Their fiery entrance seems to have attracted much attention, less ideal than what Ren would have liked. He spots Tiv by the entrance, along with a few of the children, the latter manhandling and dragging him towards what is probably the dungeons.
“What is this? You have led the Luminaries to us!” the Horseman cries.
Tiv’s mouth moves—he is screaming something—but his voice is drowned out by the fearful and indignant shouts of the surrounding children. The Horseman turns to Ren, but by the time he does, Penny is already halfway across the room.
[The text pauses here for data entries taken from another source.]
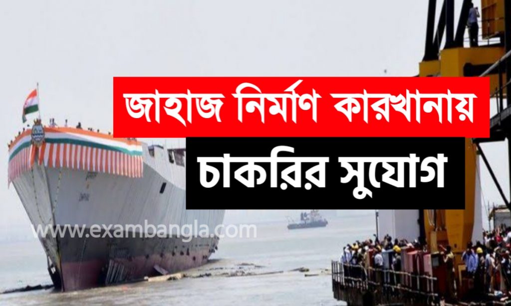 মাধ্যমিক, অষ্টম শ্রেণী পাশ, ITI পাশ সহ বিভিন্ন যোগ্যতায় ভারত সরকারের জাহাজ নির্মাণ কারখানায় বিভিন্ন পদে কর্মী নিয়োগের বিজ্ঞপ্তি প্রকাশিত হয়েছে। মোট শূন্যপদ ১৩৮৮ টি। নিয়োগ করা হবে MAZAGON DOCK SHIPBUILDERS LIMITED -এ। মাজাগণ ডক বিল্ডার্স লিমিটেড হলো ভারত সরকারের অধীনস্থ একটি সংস্থা। পশ্চিমবঙ্গের যেকোন জেলা থেকেই আবেদন করতে পারবেন।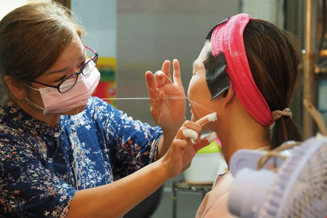 夜市不只有美食,還有許多生活服務,例如饒河街觀光夜市裡的挽面。
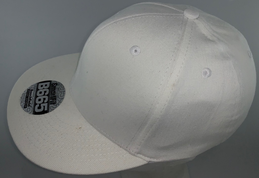 Valkoinen flexfit lippis, joustava aikuisten kokoinen lippis.

She sprints towards the altar where his heart stands, Mira clutched tightly in her hand.
“You insolent whelps!” the Horseman bellows, and he charges at Penny, sword drawn. Ren draws up a wall of fire between him and Penny. The Horseman’s steed neighs and bucks, while the children shy away from the flaming wall.
Penny grunts, skidding to a halt just before the altar. Ren clenches his fist, keeping the fire going strong, strong enough to deter the Horseman. Penny holds Mira above her head, the dirk at the ready…
And she brings it down on the Horseman’s heart.